Data

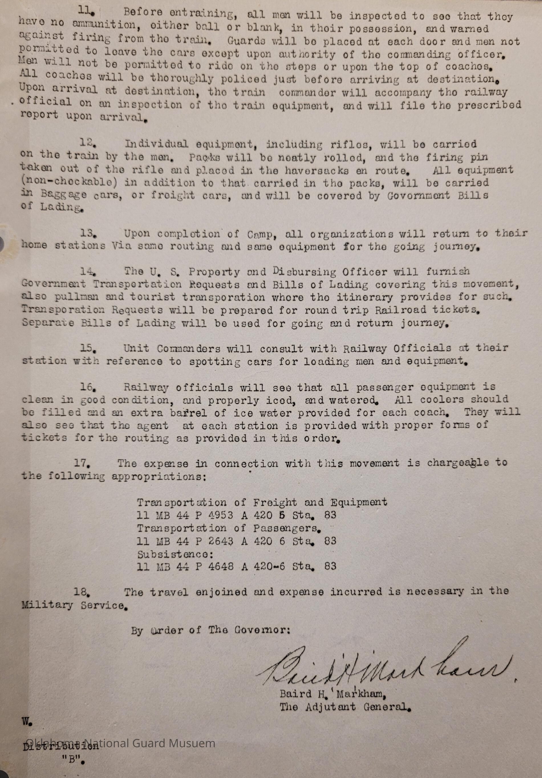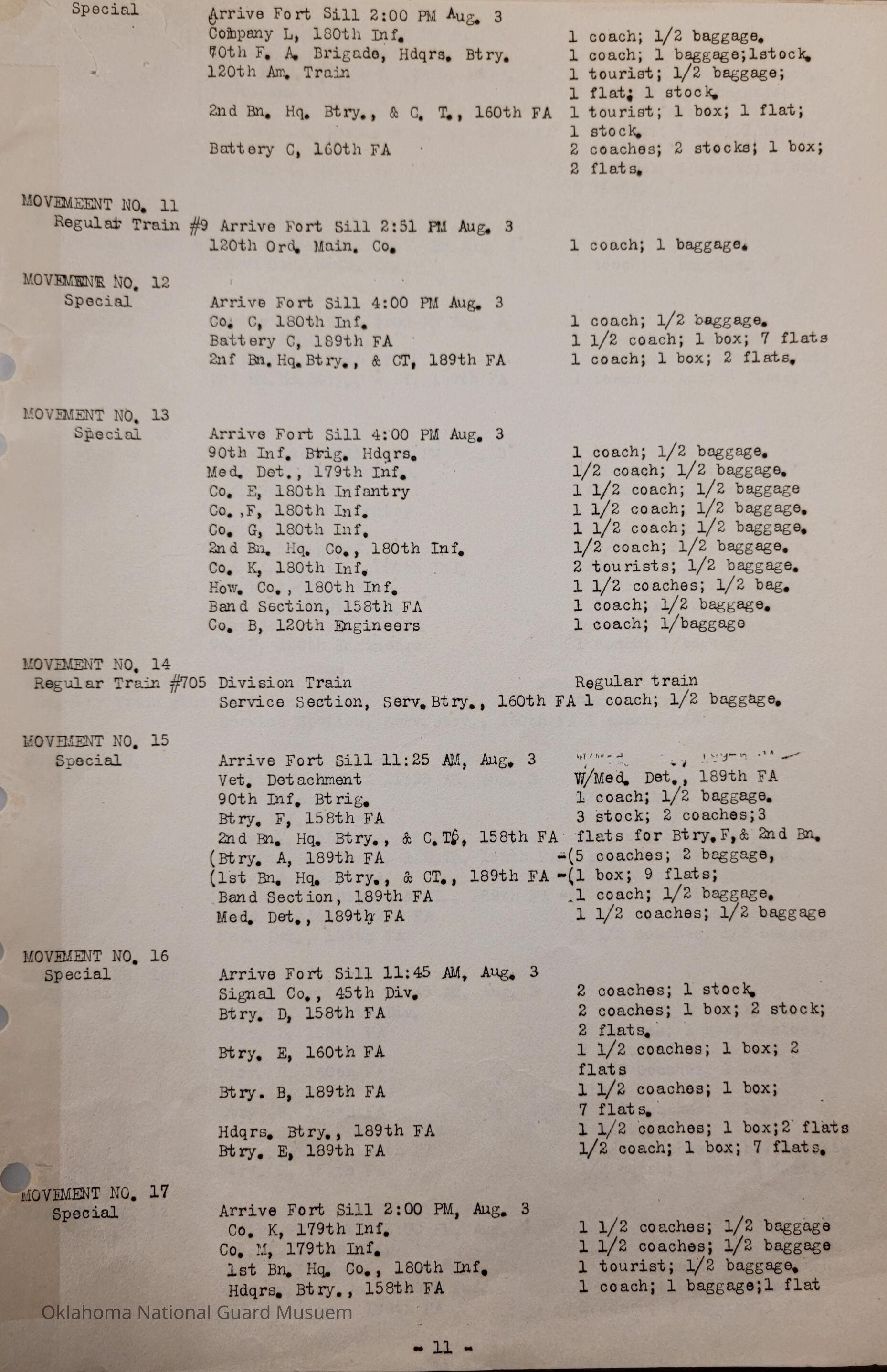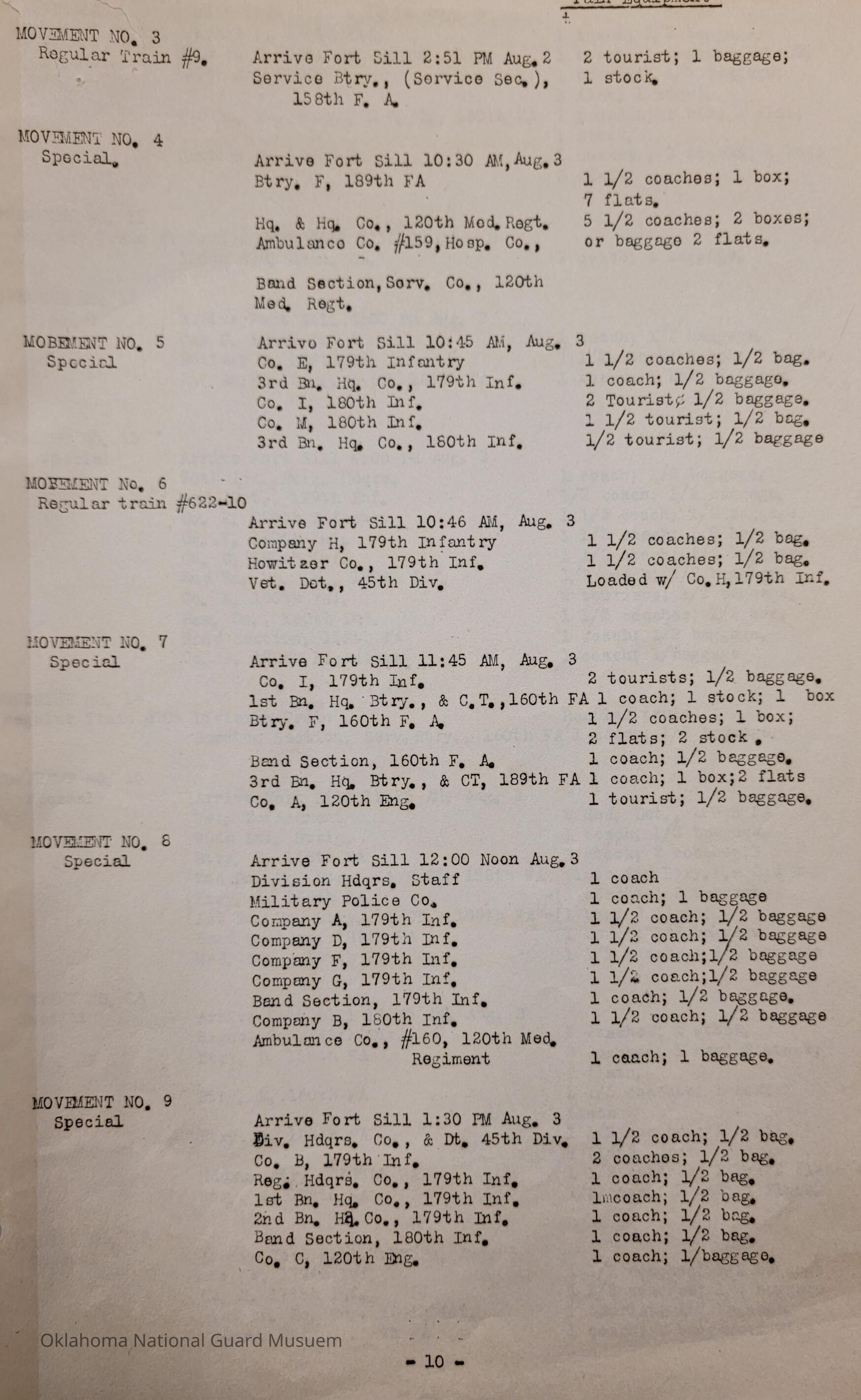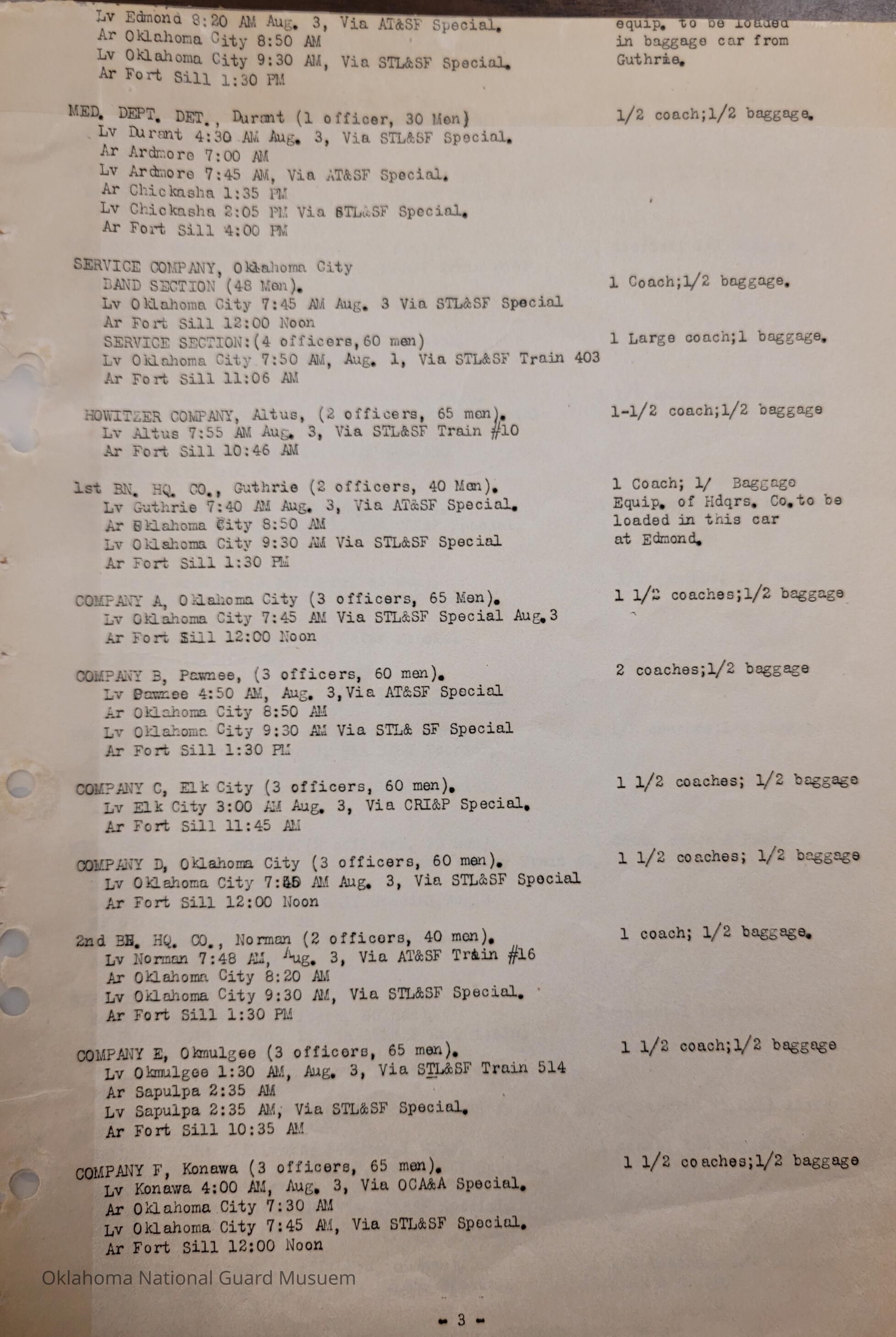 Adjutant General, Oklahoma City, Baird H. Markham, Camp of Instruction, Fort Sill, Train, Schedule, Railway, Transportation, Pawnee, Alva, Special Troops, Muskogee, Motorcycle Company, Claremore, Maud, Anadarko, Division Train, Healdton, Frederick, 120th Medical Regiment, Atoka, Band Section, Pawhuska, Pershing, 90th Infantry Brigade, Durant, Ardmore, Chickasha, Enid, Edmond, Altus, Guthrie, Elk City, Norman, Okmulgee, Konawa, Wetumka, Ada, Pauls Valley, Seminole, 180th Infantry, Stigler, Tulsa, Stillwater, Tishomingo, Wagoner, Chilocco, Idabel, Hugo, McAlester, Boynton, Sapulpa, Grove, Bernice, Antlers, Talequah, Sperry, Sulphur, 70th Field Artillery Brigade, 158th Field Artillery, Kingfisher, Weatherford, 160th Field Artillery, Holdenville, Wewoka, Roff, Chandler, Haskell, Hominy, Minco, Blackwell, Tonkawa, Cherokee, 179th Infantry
--
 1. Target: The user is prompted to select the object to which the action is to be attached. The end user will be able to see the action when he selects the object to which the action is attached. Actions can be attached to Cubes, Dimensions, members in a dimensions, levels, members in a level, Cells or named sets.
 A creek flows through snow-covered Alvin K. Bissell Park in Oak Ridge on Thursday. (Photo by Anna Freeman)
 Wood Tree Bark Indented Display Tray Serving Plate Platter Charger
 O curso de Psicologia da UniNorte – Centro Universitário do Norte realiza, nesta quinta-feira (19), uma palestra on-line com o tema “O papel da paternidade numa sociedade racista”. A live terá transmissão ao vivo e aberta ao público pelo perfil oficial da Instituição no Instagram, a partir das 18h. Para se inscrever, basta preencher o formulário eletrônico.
...
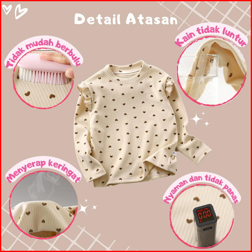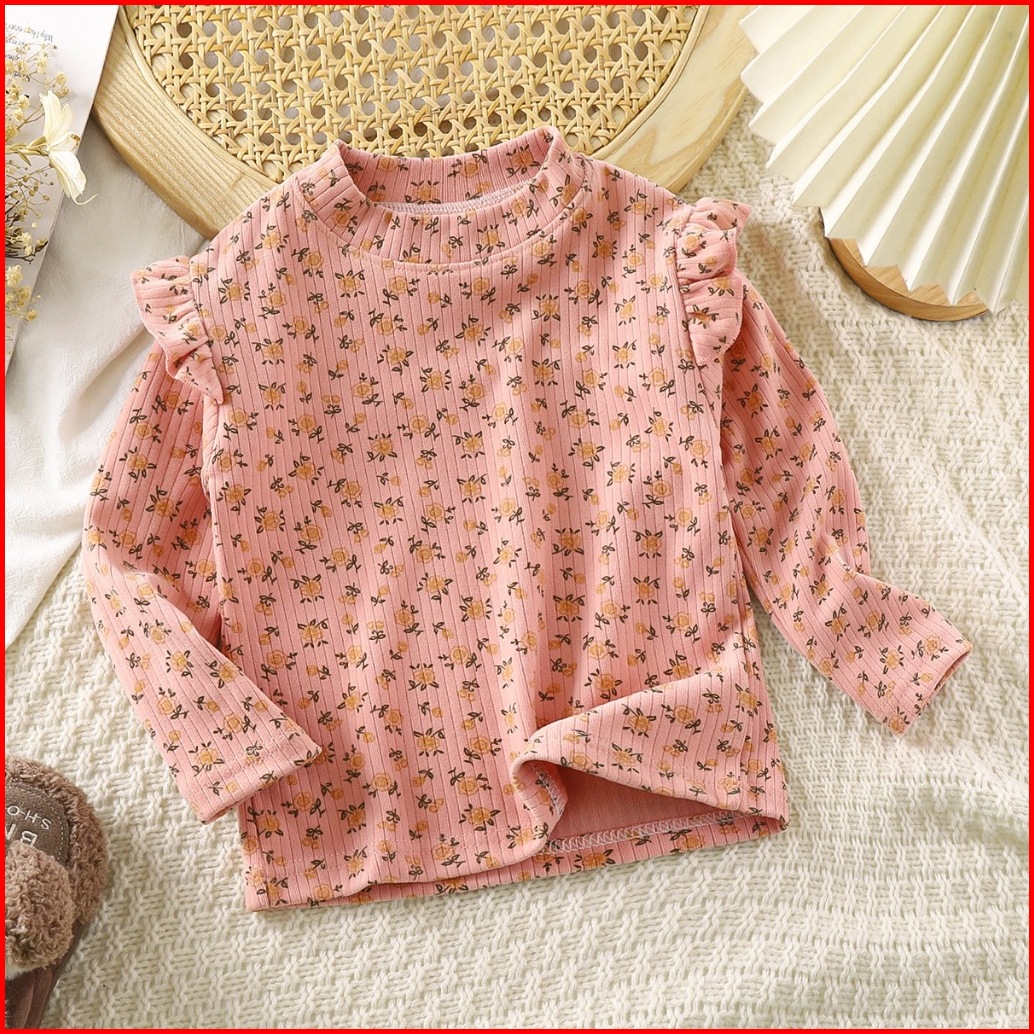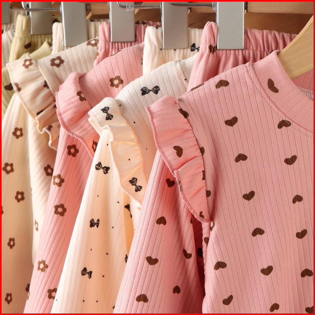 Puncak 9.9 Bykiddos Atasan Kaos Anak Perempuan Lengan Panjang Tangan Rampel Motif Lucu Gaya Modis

Work instruction
Look above for the line holding "1. Target: The". Print it and every line after it, exactly, through the line holding "Wood Tree Bark".

Response below
 1. Target: The user is prompted to select the object to which the action is to be attached. The end user will be able to see the action when he selects the object to which the action is attached. Actions can be attached to Cubes, Dimensions, members in a dimensions, levels, members in a level, Cells or named sets.
 A creek flows through snow-covered Alvin K. Bissell Park in Oak Ridge on Thursday. (Photo by Anna Freeman)
 Wood Tree Bark Indented Display Tray Serving Plate Platter Charger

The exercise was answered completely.